In a user experience (UX) design context, appropriation refers to the use of a product in a way the designer did not intend. This form of appropriation is generally considered positive, because it increases the ways people can use a design. An example of appropriation would be using newspapers as rags for cleaning windows. Thus, designs become versatile.

Appropriation of a design for a new use is likely to create new sales and possibly even new markets for a product. Although designers cannot control when or how users will appropriate a design, they can create designs that encourage users to do this. Human-Computer Interaction Professor Alan Dix describes seven guidelines for designing for appropriation:

  1. Allow for interpretation by leaving at least some parts of the system open for the user to determine how they should be used.

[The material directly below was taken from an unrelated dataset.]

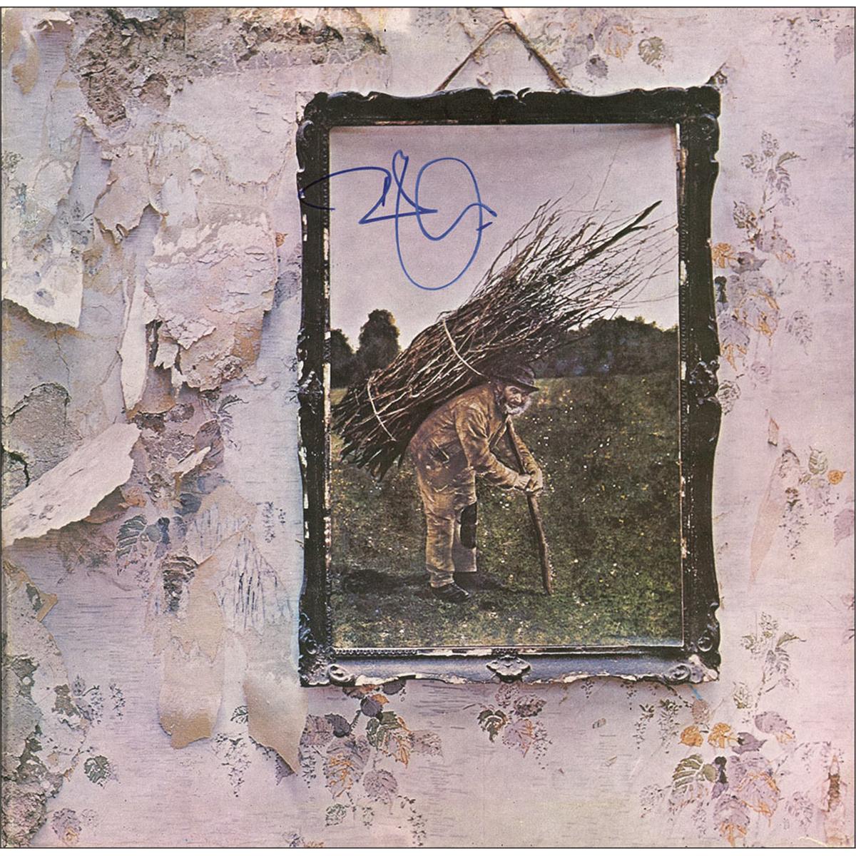 Led Zeppelin IV album signed on the front cover in blue felt tip. In fine condition, with a few scattered light bends and creases. The record is not included.

  2. Provide visibility by providing more information about a system’s state than you expect the user to require.

  3. Expose intentions: making the intentions for the use of a product clear to the user can help keep appropriation within acceptable limits.

  4. Support the user; don’t control what they can do.

  5. Plugability and configuration: design products so users are able to modify them freely.

  6. Encourage sharing within a community of users.

  7. Learn from appropriation: if you can discover how your designs are being appropriated, you can begin to adopt those appropriations into your designs.

Appropriation—whose literal meaning is taking something for one’s own purposes, usually without the owner’s consent—thus, appropriately, expands the scope and potential for designers to access new and unexpected realms, thanks largely to giving their products’ users free rein. In some cases, designers may find the moderately selling creation they have in their intended market achieving far greater success due to its ‘misuse’ elsewhere.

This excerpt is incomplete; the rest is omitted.